**WHAT IS EXPECTED:**
Pictures excluded, please retype exactly the lines from the start of the data through the line that contains "A매치 통산 득점 2위는 109골을 넣고 은퇴한 알리 다에이(54·이란)입니다.", both ends kept, and nothing beyond them.

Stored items

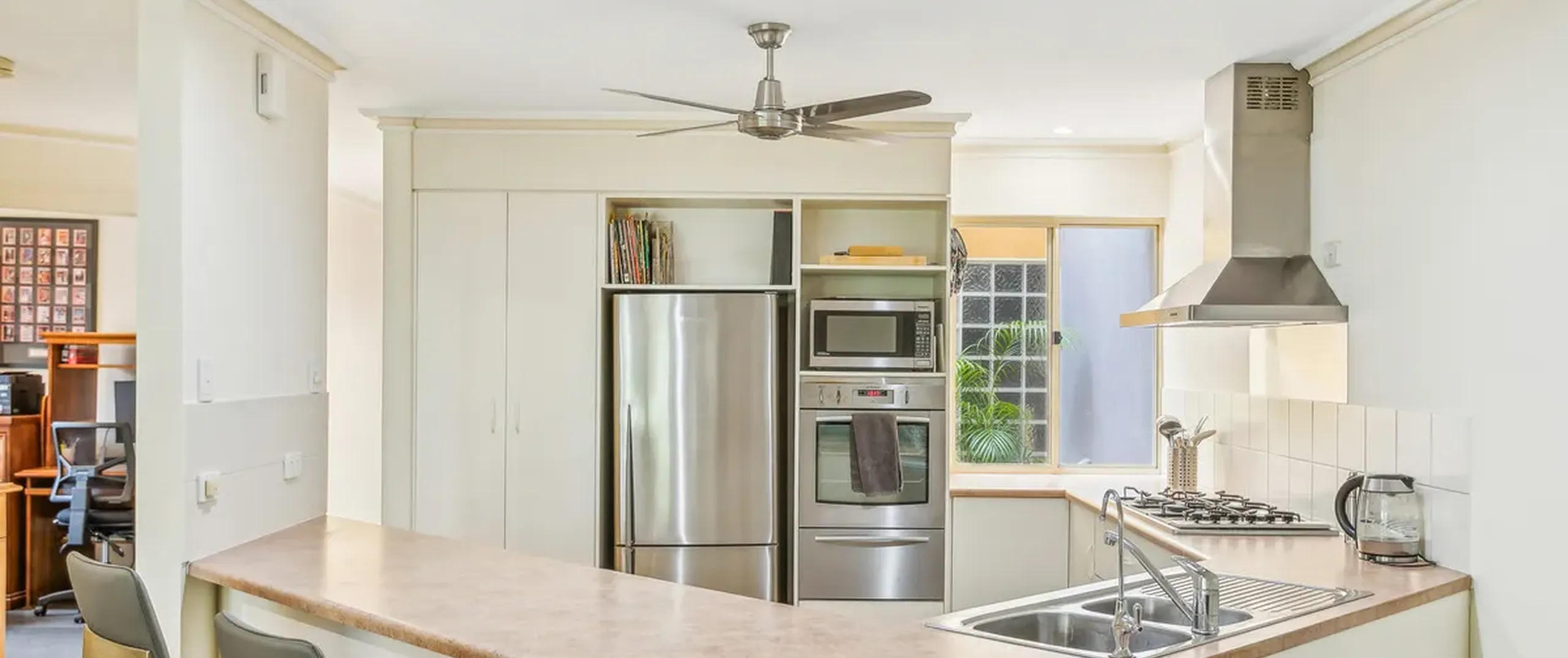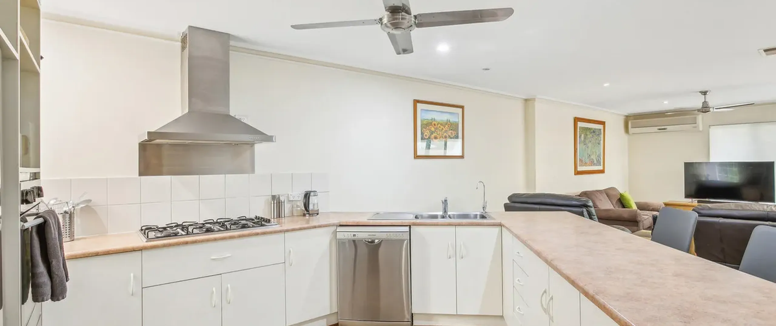 - Neutral kitchen complete with a 900mm gas cook top, dishwasher, and ample bench space
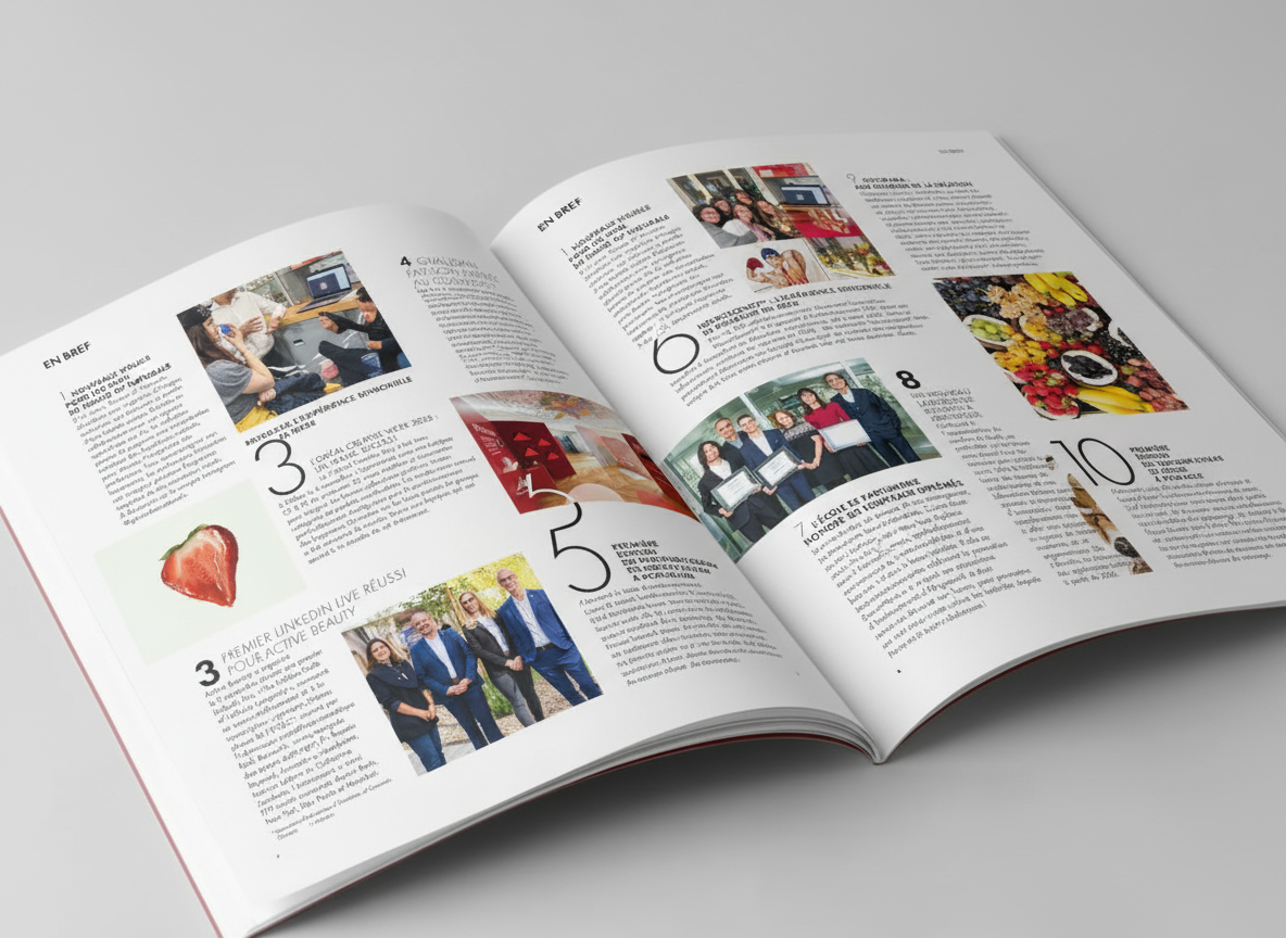 Grâce à une mise en page aérée et une hiérarchie typographique redynamisée, cette évolution transforme le support en un média plus engageant. Elle respecte les codes de la charte graphique tout en célébrant l’expertise et la culture d’entreprise avec élégance.
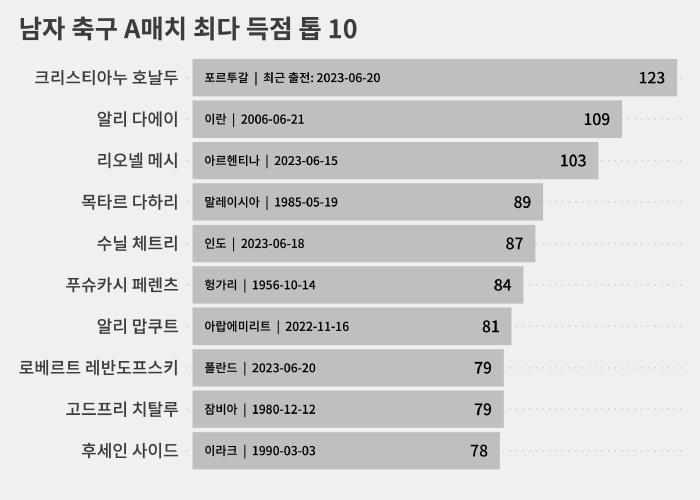 A매치 통산 득점 2위는 109골을 넣고 은퇴한 알리 다에이(54·이란)입니다.
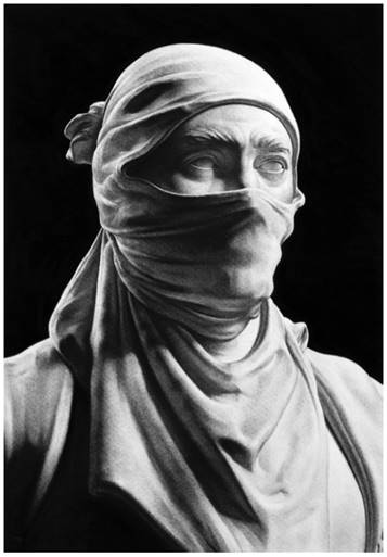 Imagen cedida por el artistaEn muchas de sus obras se hacen alusiones directas a obras existentes y, en otras, se apropia de diversos elementos como los visuales, compositivos y procedimentales de siglos anteriores. No obstante, una mirada atenta a sus piezas desvela que Garraza no parte de las obras originales, sino que trabaja a partir de una información superficial que le brindan las fotografías de las mismas, y que con posterioridad, él mismo también edita. Cuando el autor hace una cita a una obra ya existente, vemos que las pinceladas, veladuras, transparencias, empastes o, incluso el mármol de las esculturas, son simulados y reinterpretados; en muchas ocasiones con una técnica completamente distinta como puede ser el carbón comprimido. Esto nos indica que no existe la voluntad de crear una copia exacta de una pieza original, y que el propósito del artista es volver a construir y pensar una imagen a través de nuevas técnicas, formatos, iluminación y, en definitiva, dotarla de un nuevo significado.
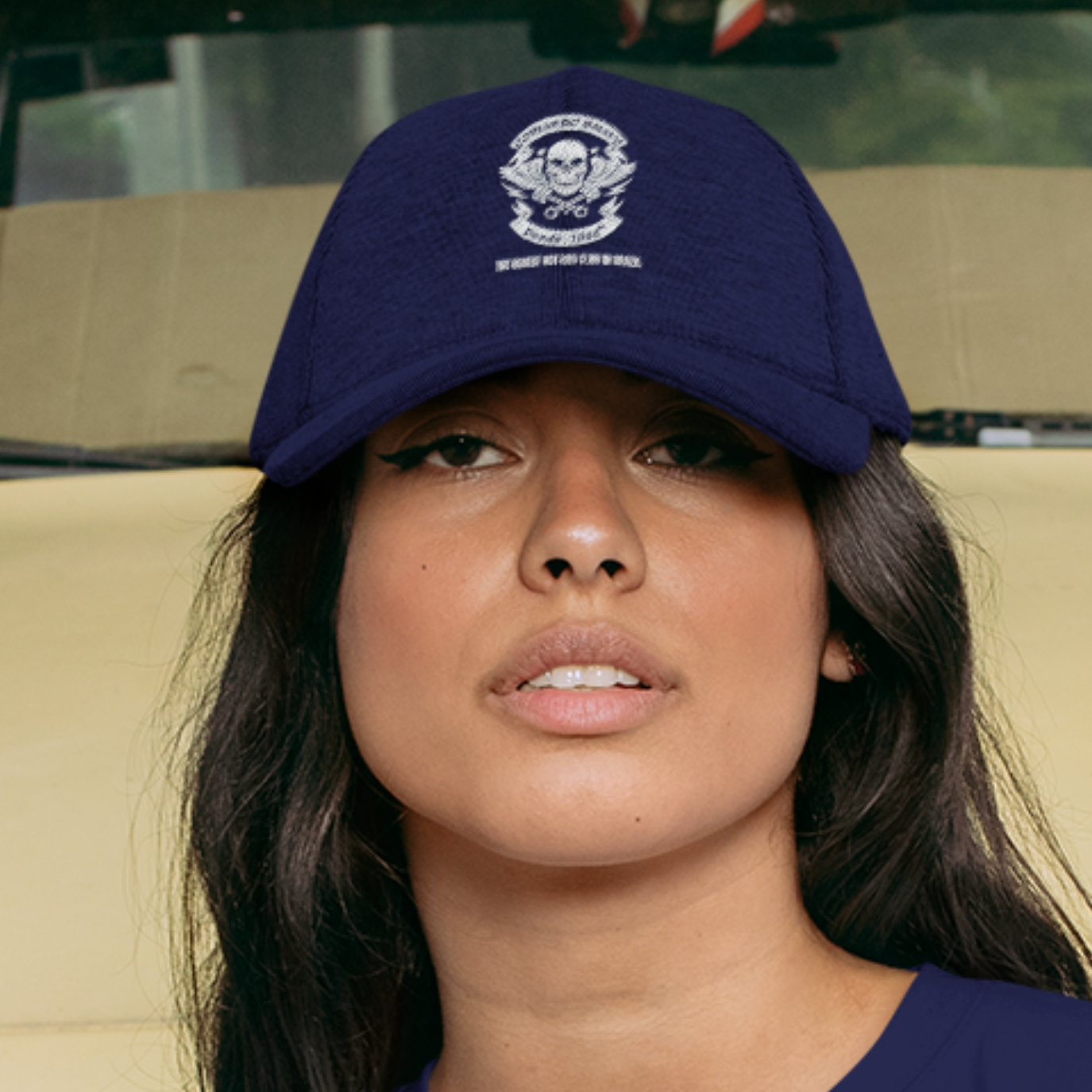 Apresentamos o boné em tecido estampado com o logo do COMANDO BRAVO, perfeito para os aficionados por Hot Rods e estilo clássico.

**RESPONSE TO THIS TASK:**
 - Neutral kitchen complete with a 900mm gas cook top, dishwasher, and ample bench space
 Grâce à une mise en page aérée et une hiérarchie typographique redynamisée, cette évolution transforme le support en un média plus engageant. Elle respecte les codes de la charte graphique tout en célébrant l’expertise et la culture d’entreprise avec élégance.
 A매치 통산 득점 2위는 109골을 넣고 은퇴한 알리 다에이(54·이란)입니다.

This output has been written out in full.